■ **MATERIAL FOR THIS TASK**
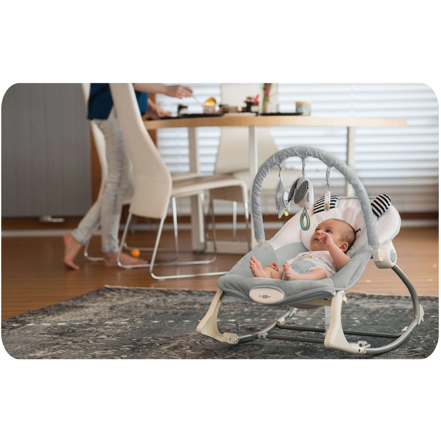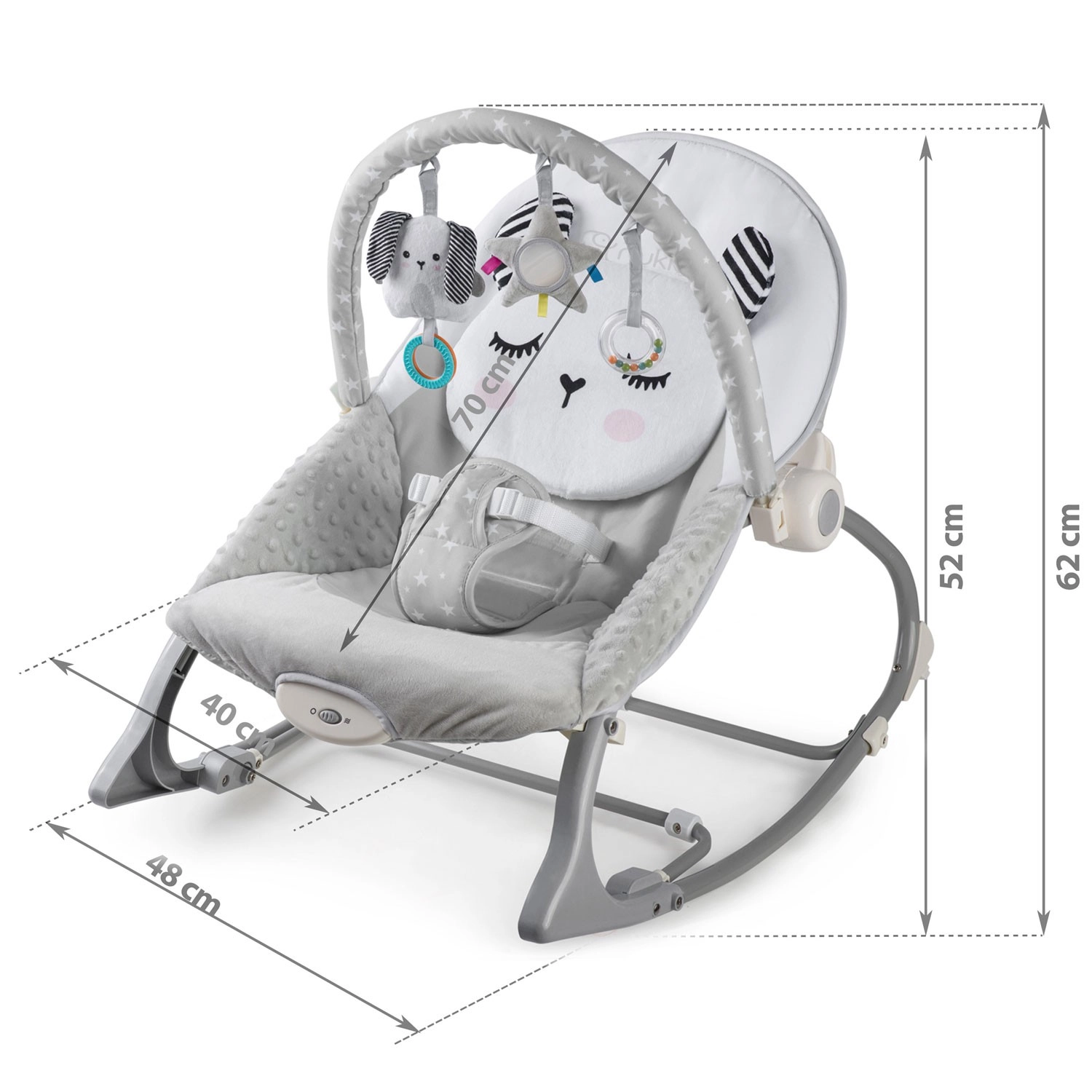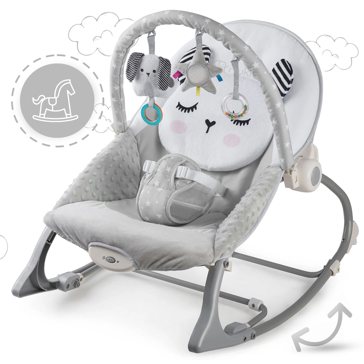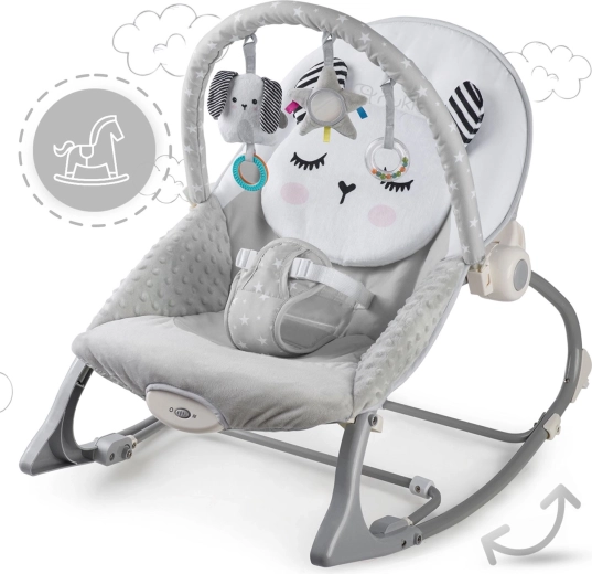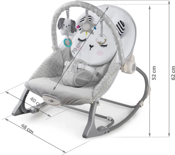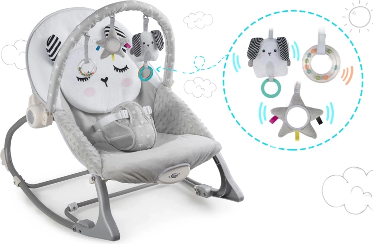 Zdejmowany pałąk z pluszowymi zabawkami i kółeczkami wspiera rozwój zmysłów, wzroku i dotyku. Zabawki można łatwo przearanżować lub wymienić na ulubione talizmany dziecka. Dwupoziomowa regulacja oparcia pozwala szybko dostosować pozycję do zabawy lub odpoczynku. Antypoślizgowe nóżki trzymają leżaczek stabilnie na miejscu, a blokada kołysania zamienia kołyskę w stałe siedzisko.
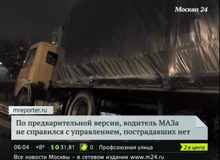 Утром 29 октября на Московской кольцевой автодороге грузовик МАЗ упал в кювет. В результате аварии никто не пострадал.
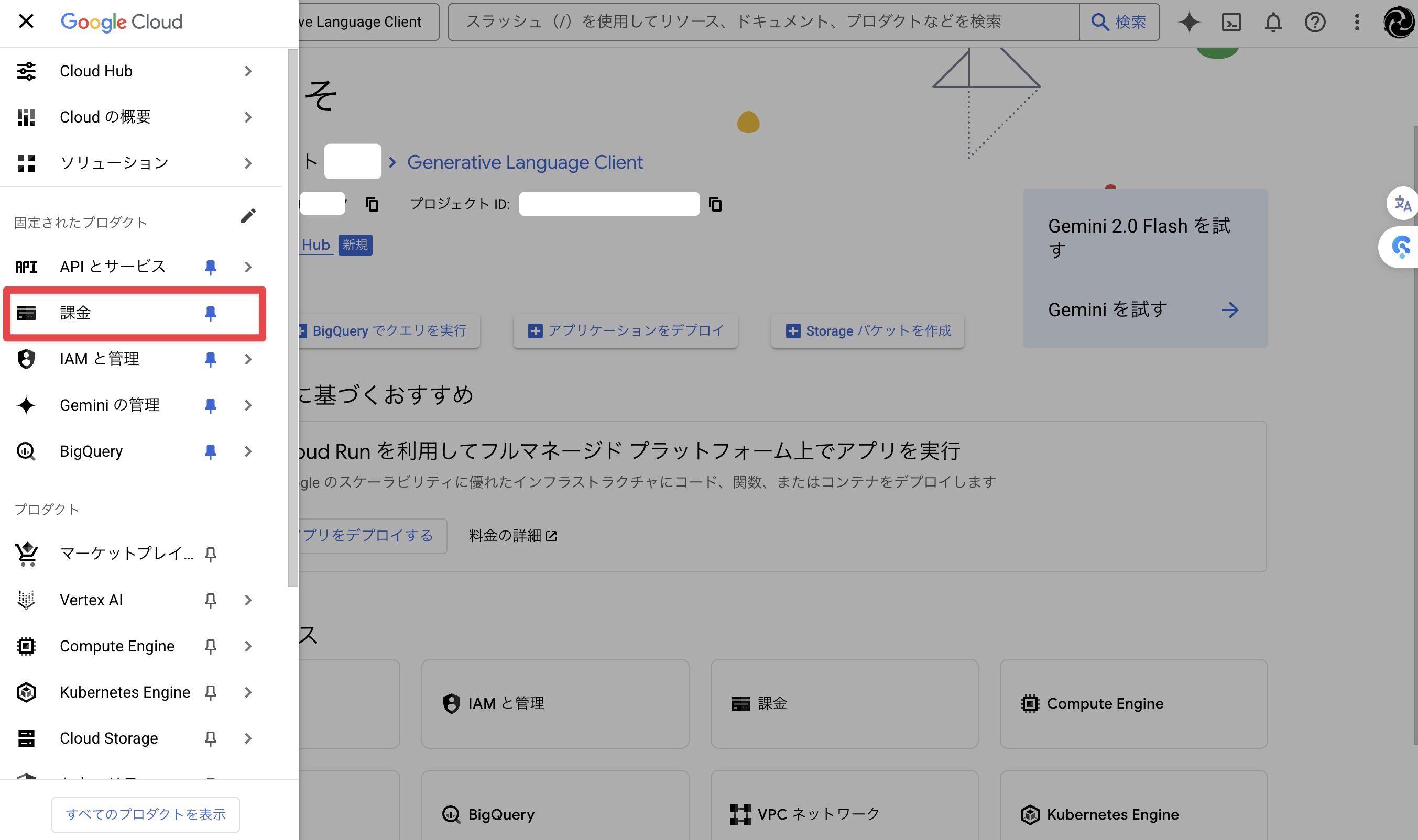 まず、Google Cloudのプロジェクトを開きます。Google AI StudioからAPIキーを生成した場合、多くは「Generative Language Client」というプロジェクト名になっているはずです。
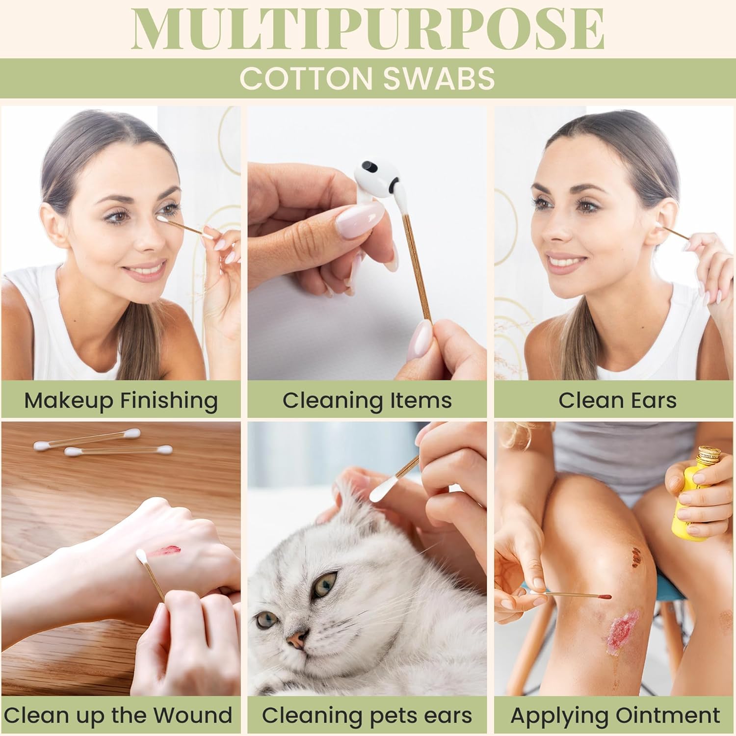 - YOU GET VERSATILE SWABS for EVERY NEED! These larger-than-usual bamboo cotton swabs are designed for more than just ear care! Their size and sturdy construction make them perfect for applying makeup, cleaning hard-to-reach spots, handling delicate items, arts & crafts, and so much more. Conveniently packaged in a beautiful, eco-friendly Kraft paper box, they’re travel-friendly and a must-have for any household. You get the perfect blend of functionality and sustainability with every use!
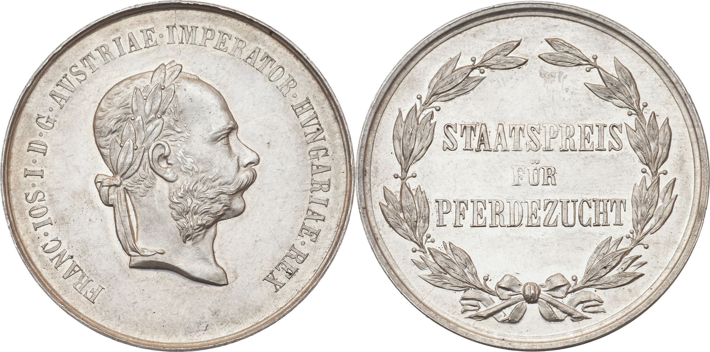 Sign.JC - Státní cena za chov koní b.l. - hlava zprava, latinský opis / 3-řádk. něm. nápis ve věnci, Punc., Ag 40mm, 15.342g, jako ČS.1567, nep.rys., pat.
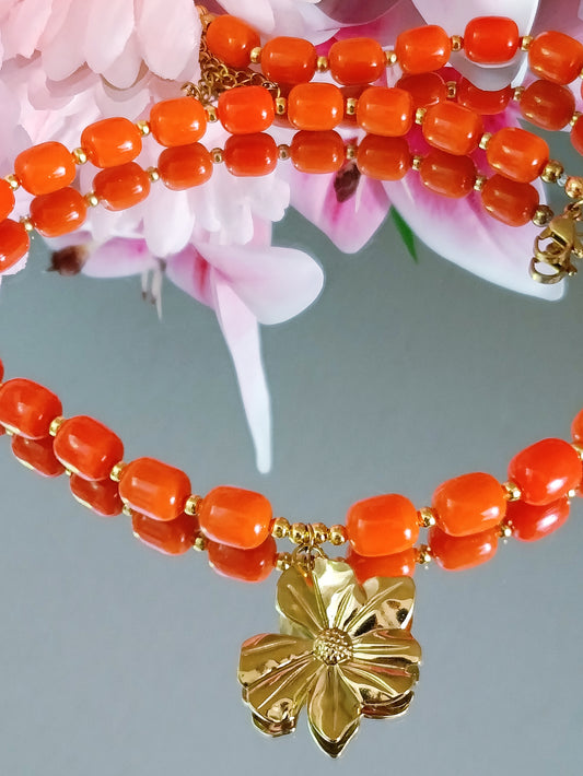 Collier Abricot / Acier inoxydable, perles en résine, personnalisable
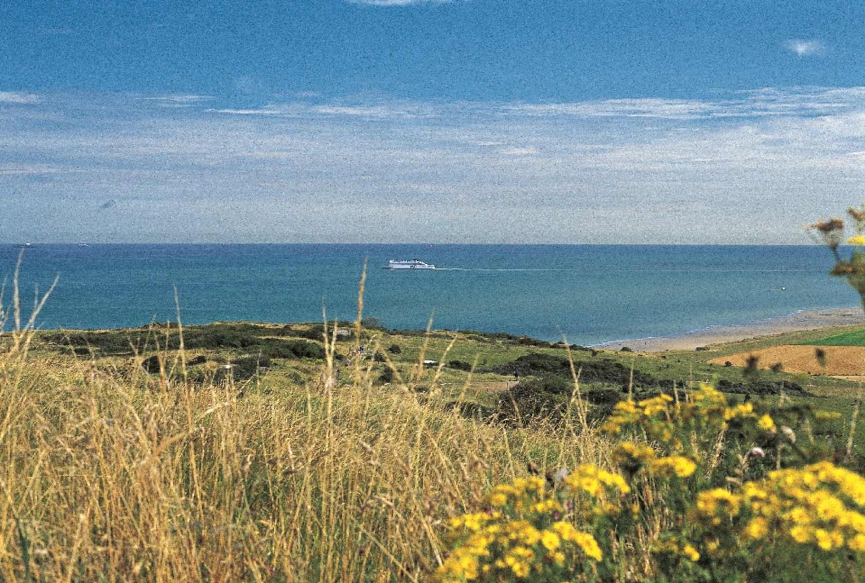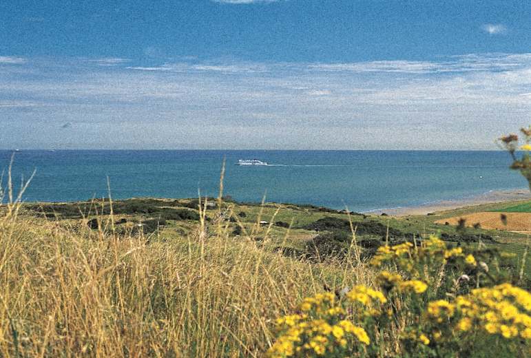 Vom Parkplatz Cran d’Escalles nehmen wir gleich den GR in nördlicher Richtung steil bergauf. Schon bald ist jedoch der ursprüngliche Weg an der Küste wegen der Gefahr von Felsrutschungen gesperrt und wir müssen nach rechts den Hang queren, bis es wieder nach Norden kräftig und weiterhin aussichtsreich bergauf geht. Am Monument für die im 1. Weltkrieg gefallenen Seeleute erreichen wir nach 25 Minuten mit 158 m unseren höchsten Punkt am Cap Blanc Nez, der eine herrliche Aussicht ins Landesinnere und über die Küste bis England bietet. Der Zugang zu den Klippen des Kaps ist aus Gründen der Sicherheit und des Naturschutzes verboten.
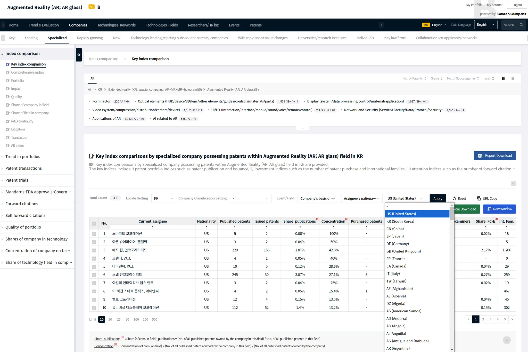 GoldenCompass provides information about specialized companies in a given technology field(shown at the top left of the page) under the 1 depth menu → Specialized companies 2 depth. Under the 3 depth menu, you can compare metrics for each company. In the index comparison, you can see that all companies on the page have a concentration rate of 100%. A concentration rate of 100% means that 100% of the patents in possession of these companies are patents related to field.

■ **TASK REQUIREMENTS**
Every line above from the one with "Sign.JC - Státní" down to the one with "Collier Abricot /" must be written out exactly, and no picture may appear.

■ **SOLUTION**
 Sign.JC - Státní cena za chov koní b.l. - hlava zprava, latinský opis / 3-řádk. něm. nápis ve věnci, Punc., Ag 40mm, 15.342g, jako ČS.1567, nep.rys., pat.
 Collier Abricot / Acier inoxydable, perles en résine, personnalisable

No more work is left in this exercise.